Aruba Arrives with WLAN Switching

Despite having been around for over a year, San Jose, CA-based Aruba Networks went public this week with information about its venture capital-backed company and its patent-pending wireless LAN switch technology currently focused on the enterprise.

To get to this point, the company “took a look at Ethernet networks and how they evolved,” says Pankaj Manglik, Aruba Networks’ co-founder. “If you go back to the mid to late 80s, Ethernet was a departmental phenomenon. Synoptics [later Bay Networks, which was acquired by Nortel ] came up with the idea of a multi-port Ethernet hub, so people ran all the cubes and offices back to the Hub. Eventually you had a complete enterprise network.

“WLANs are today departmental level. There’s almost no enterprise wide WLANs. Microsoft and Cisco have done this, but that’s more of an ‘eat-your-own-dog-food’ approach than a customer thing. What needs to happen in the WLAN space today to actually deploy across enterprise is a box that looks like the multi-port Ethernet hub. We call it the WLAN switch.”

Aruba’s WLAN switching will combine monitoring and access with 1000Mbps (Gigabit) Ethernet switching for high speed networks. The system will detect rogue access points installed either maliciously by criminal hackers or thoughtlessly by employees and prevent users from accessing them by “locking the air.” The airwaves will be constantly monitored so rogue detection can be automated.

The system will provide a private connection for each wireless user by isolated individual user’s traffic. It authenticates each user via the client’s switched connection using standard authentication schemes like 802.1X. The stateful firewall will then follow that user even when mobile, making sure they only access appropriate resources on the network. It will use IPSec and the upcoming Wi-Fi Protected Access (WPA) for encryption.

The centralized architecture means that upgrades in security and other functions can be easily deployed. Unlike most of today’s access points, however, Aruba is leaving the units with just simple radio coverage, similar in a way to what Symbol Technologies is doing with its Mobius system of “access ports.”

Co-founder Keerti Melkote points out that the difference from Symbol is that Aruba does just “dumb down” the access point. The company adds monitoring to “give visibility in the air.” This visibility also means doing a site survey is automated (after the deployment, of course.)

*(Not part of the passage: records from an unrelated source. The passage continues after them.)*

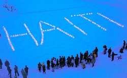 這次祝福祈愿燭火會是由國際大學(xué)的留學(xué)生會組織的。大家在校園內(nèi)的一塊空曠的雪地上用點(diǎn)燃的蠟燭拼寫出一個大大的“HAITI”,并一起為在海地大地震中遭遇不幸的人們祈禱祝福,追悼亡靈。
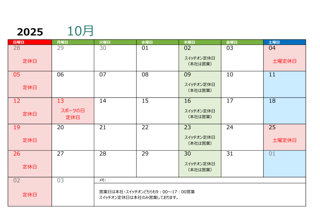 - 2025.09.26 お知らせ 2025年10月休業日のお知らせ
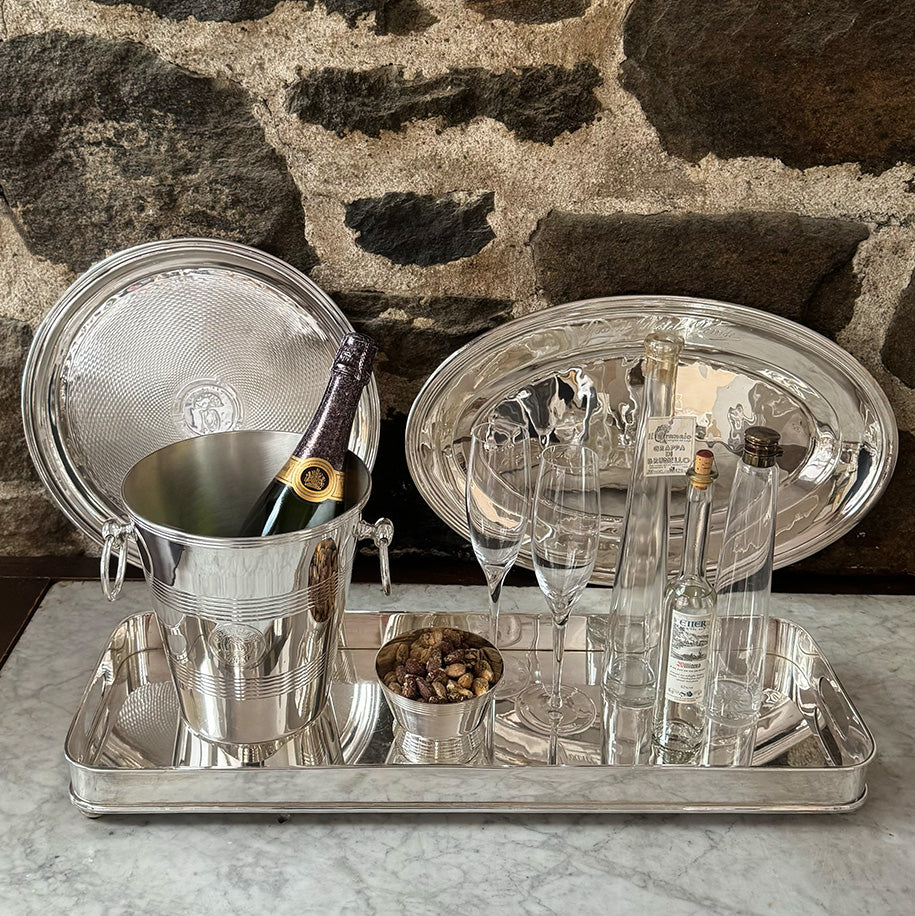 The vintage offerings in our collection are restored and re-plated in pure silver in London for us by our longtime silversmiths. Even with restoration, some of the pieces may sport more patina than others due to their unique history and use which we think only adds to their character and allure.
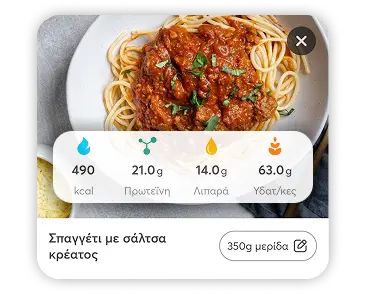 Βγάλε μία φωτογραφία και δες τη σύσταση του πιάτου σου. Εναλλακτικά φωτογράφησε οποιαδήποτε ετικέτα τροφίμου για αυτόματη καταχώρηση.

Adding new access points is easy as the system will automatically detect them, as well detect as failed or congested units. When it does, it will dynamically reroute traffic as needed so there’s no loss in connectivity.

Aruba’s Switch products will work with Cisco access points or users can go with access points and “air monitors” from the company itself. Aruba products will be going into trials this week.

Symbol is not the only other company in the switched WLAN business. Other companies scheduled to release products in this area this year are Trapeze Networks and Black Storm Networks . Symbol will also be upgrading the Mobius line this year with a new switch that will run more than just the 24 “access ports” currently supported.